London Daily

Focus on the big picture.
Sunday, Nov 16, 2025

UK immigration officials 'have had no information' about hotel quarantine

UK immigration officials 'have had no information' about hotel quarantine

Border staff not briefed about even basics of Covid protection system starting on Monday, says union

Immigration officials expected to enforce a mandatory quarantine intended to protect the UK from new coronavirus variants have not been briefed on even the basics about how the system will work, little more than 48 hours before it begins, the Guardian has been told.

The Immigration Services Union (ISU), which represents many of the Home Office’s immigration officers, said that before the start on Monday of the new policy, staff had not been told if they would be expected to check for arrivals who had not properly declared their status, or when and how those obliged to quarantine would be taken to hotels.

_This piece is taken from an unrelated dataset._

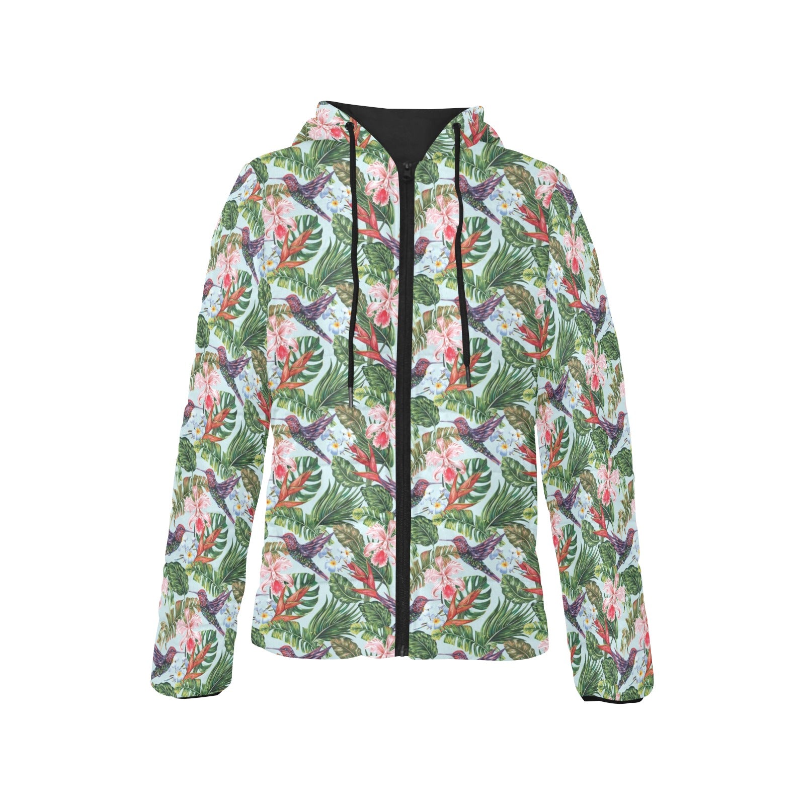 Hummingbird Pattern Print Design 05 Women's Padded Hooded Jacket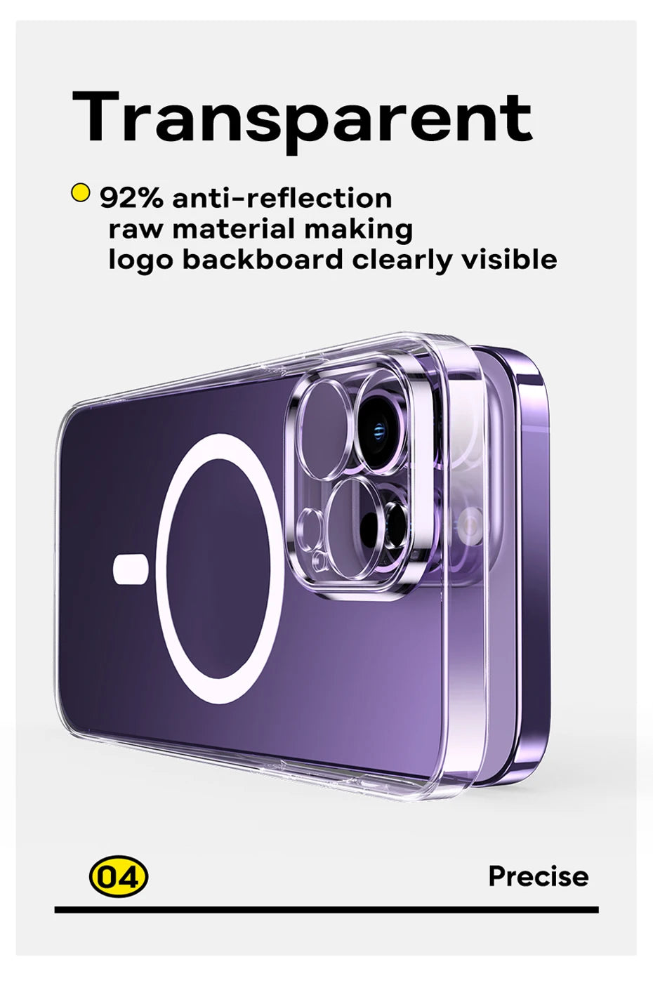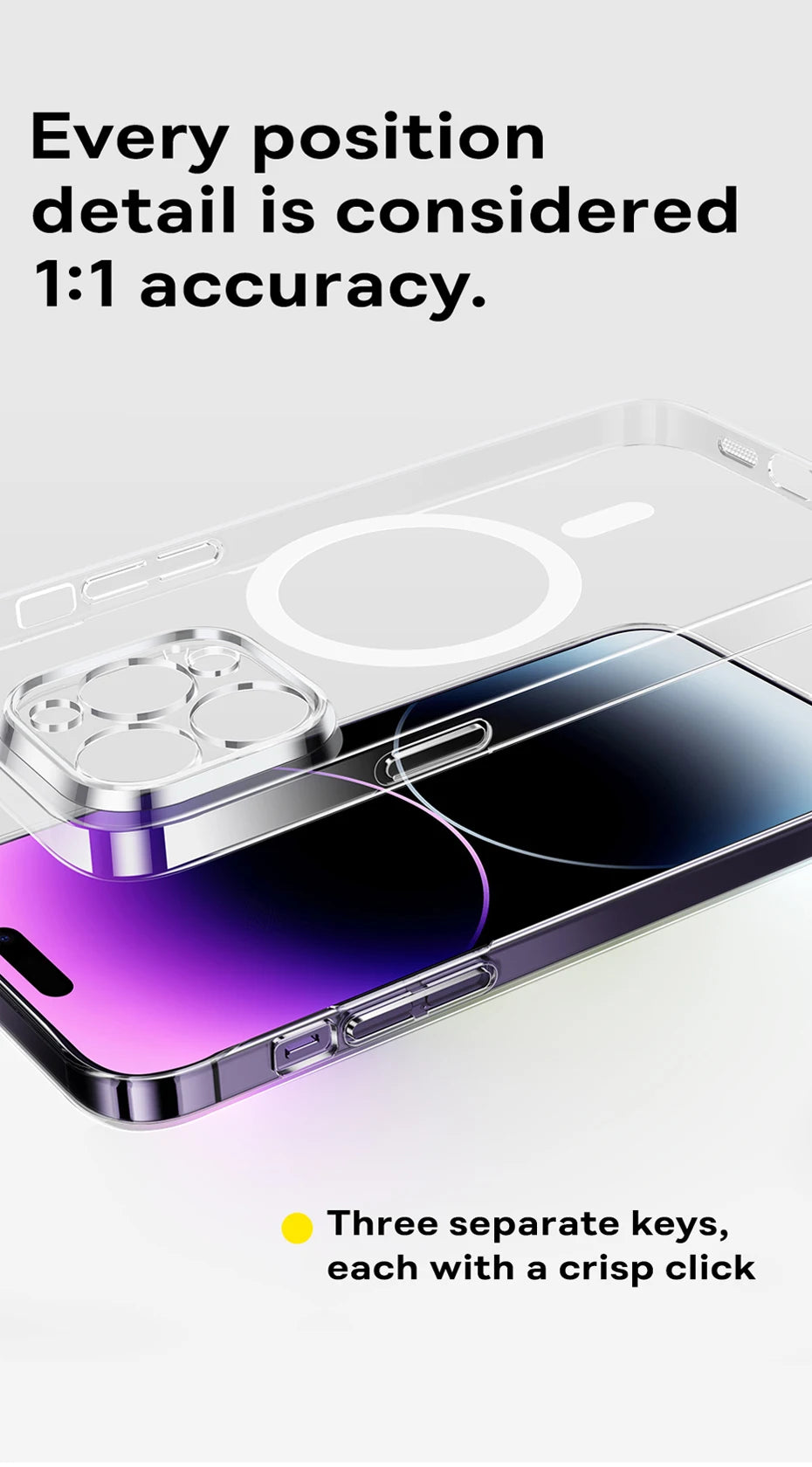 The transparent design maintains the sleek appearance of your iPhone, while the durable construction resists yellowing over time, keeping your case looking new. Its slim profile adds minimal bulk to your device, providing a comfortable grip and maintaining its original form.

“They’ve had no information at all,” said Lucy Moreton, the general secretary of the ISU. “They can watch the media, read statements from ministers, but that’s pretty much it.”

From Monday, travellers arriving in the UK from 33 “red list” countries where potentially vaccine-resistant variants are common will be forced to spend 10 days in a hotel room quarantining at their own expense.

There have already been teething issues with the system. Throughout most of Friday people were still unable to secure hotel rooms, with an official booking portal unavailable due to what the health department called a “minor technical issue”.

Moreton said her members had not yet been told whether they needed to check the passports and tickets of people arriving, in case arrivals from red list countries had not declared their status.


She said: “It’s one thing if someone has declared it, prebooked their quarantine, that’s relatively simple. But to what extent are Border Force going to be checking to be sure people have been honest?”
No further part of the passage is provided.